Asking questions with an LLM

Search returns the relevant chunks; an LLM turns them into a written, cited answer via Rag::ask(). This layer is optional and decoupled β€” with the default null driver, ask() returns the sources with an empty answer, so search-only apps carry no LLM dependency.

The package ships two LLM drivers: anthropic (Claude) and openai (OpenAI and any OpenAI-compatible API β€” Mistral, Ollama, Groq, OpenRouter…).

# .env β€” use Anthropic Claude to answer questions
RAG_LLM=anthropic
RAG_ANTHROPIC_API_KEY=sk-ant-...
RAG_ANTHROPIC_MODEL=claude-sonnet-4-6     # or claude-opus-4-8 / claude-haiku-4-5-...
$result = Rag::ask('What is our refund policy?')
    ->topK(5)
    ->using('anthropic')   // or omit to use the default RAG_LLM
    ->generate();

$result->answer;     // "Refunds are issued within 14 business days. [1]"
$result->citations;  // [['index' => 1, 'document_id' => '…', 'chunk_id' => '…']]
$result->sources;    // the SearchHits the answer was built from

Note

Anthropic has no embedding API, so anthropic is a generation-only driver.

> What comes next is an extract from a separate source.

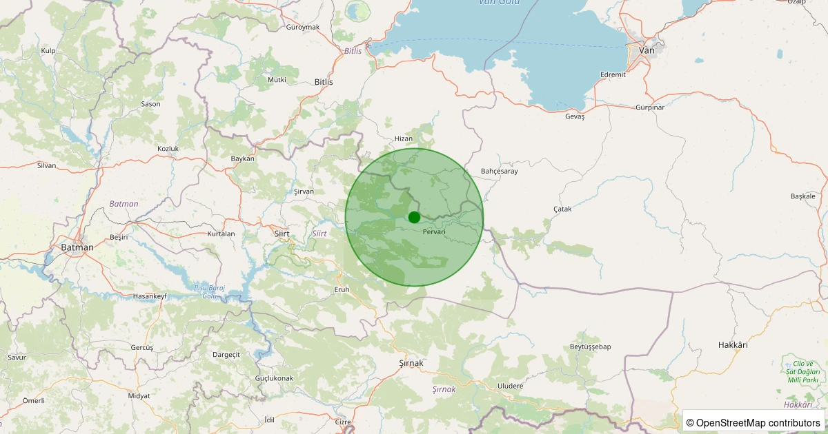Son 7 gün içinde Pervari - Dolusalkım Köyü noktasından 100 km yarıçap içerisinde meydana gelen diğer depremler:

Keep a real RAG_EMBEDDER (Mistral, OpenAI, Ollama…) for the search side. A common combo is Mistral/Ollama embeddings + Claude answers.

Retrieved content is treated as untrusted: the default prompt fences it and tells the model not to follow instructions inside it (prompt-injection hardening). Full guide: docs/concepts/generation.md.

Configuration

Configuration lives in config/rag-engine.php and works like Laravel's config/database.php: you define named connections per subsystem and pick a default. Switching provider = changing one name in .env.

# .env β€” switch to a real embedder (Ollama is free & local)
RAG_EMBEDDER=ollama
RAG_OLLAMA_BASE_URL=http://localhost:11434

# ...or a hosted provider:
RAG_EMBEDDER=openai
RAG_OPENAI_API_KEY=sk-...

Note

API keys go in .env, never in the committed config. A copy-ready list of every variable ships as .env.example. See docs/getting-started/configuration.md.

Supported drivers

Embedders (RAG_EMBEDDER)

Driver Provider Residency
openai OpenAI global
azure-openai Azure OpenAI EU (EU region)
mistral Mistral EU
jina Jina AI EU
voyage Voyage AI global
cohere Cohere global
gemini Google Gemini global
huggingface Hugging Face / self-hosted TEI global / self-host
ollama Ollama (BGE/E5/Nomic) self-hosted
fake deterministic (tests) local

Vector stores (RAG_VECTOR_STORE): memory (tests/dev) Β· database (portable SQL: Postgres/MySQL/SQLite, brute-force) Β· pgvector (native Postgres ANN: vector column + HNSW + <=>) Β· qdrant (EU self-hostable, ANN at scale). Full setup, including where to configure the Postgres connection, is in the Vector stores guide.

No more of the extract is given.